Yes, On the flip side it could also lead to:
Loss of source of income, employment and shut down of small firms because they can’t compete with the bigger firms, For example, small family farms can’t compete with large agri-businesses in high-income African countries such as South Africa, Kenya, Ethiopia, Egypt and Nigeria.
Poor work conditions as labourers from poorer countries may be forced to work long hours and to live in terrible conditions without basic amenities such as drinking water and electricity.
Theft of intellectual property,Many African countries don’t have laws in place that protect patents, inventions and new processes. This could discourage investment in innovation.What do we think?
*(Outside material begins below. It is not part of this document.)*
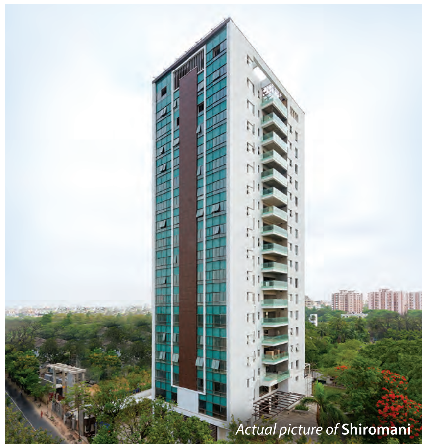
Actual picture of Shiromani

For Nigeria, the best way to have a say is to have a seat at the table and not by shunning AfCFTA completely.
What’s going on?
Israel’s Prime Minister, Netanyahu who was recently re-elected has been nominated by Israeli President Reuven Rivilin, to form a coalition to govern the 21st Knesset. After 65 members out 120 of the Knesset recommended him for Prime minister, Rivilin had no choice but to allow Netanyahu to serve an unprecedented fifth term, in order to unite the right-wing and ultra-Orthodox parties.
What is the Knesset?
It is the legislative branch of the Israeli government which passes the law, elects the President, appoints the Cabinet and supervises the government through its committee. Its aim is to check and balance the Israeli government.
What happens next?
Netanyahu has been given 28 days to form the government with a possible two weeks extension.
Netanyahu has vowed to represent all Israelis, “those that voted for me, and those that didn’t.”
Source: NBC News
A major fire erupted at the Notre Dame Cathedral in Paris on Monday. The cause of the fire is most likely due to an electrical fault not terrorism or arson. However, about 40 people have been questioned by investigators.
And so far, about a billion dollars have been pledged to help restore the landmark.
What’s so special about this building?
The construction of Notre Dame began in 1163 during the reign of King Louis VII and was completed in 1345. The cathedral is a UNESCO World Heritage Site, a worldwide icon of Paris and the location of some of the most important moments in the history of France.
Looks like everything is fine right?
Well, people aren’t too happy with the millions flowing in.
“If they can give tens of millions to rebuild Notre Dame, then they should stop telling us there is no money to help with the social emergency.”—Philippe Martinez, head of the CGT trade union.What’s the issue here?
Notre Dame’s story is interesting: No one was killed, no one is starving, but everyone— philanthropists are promptly giving without being asked to do so.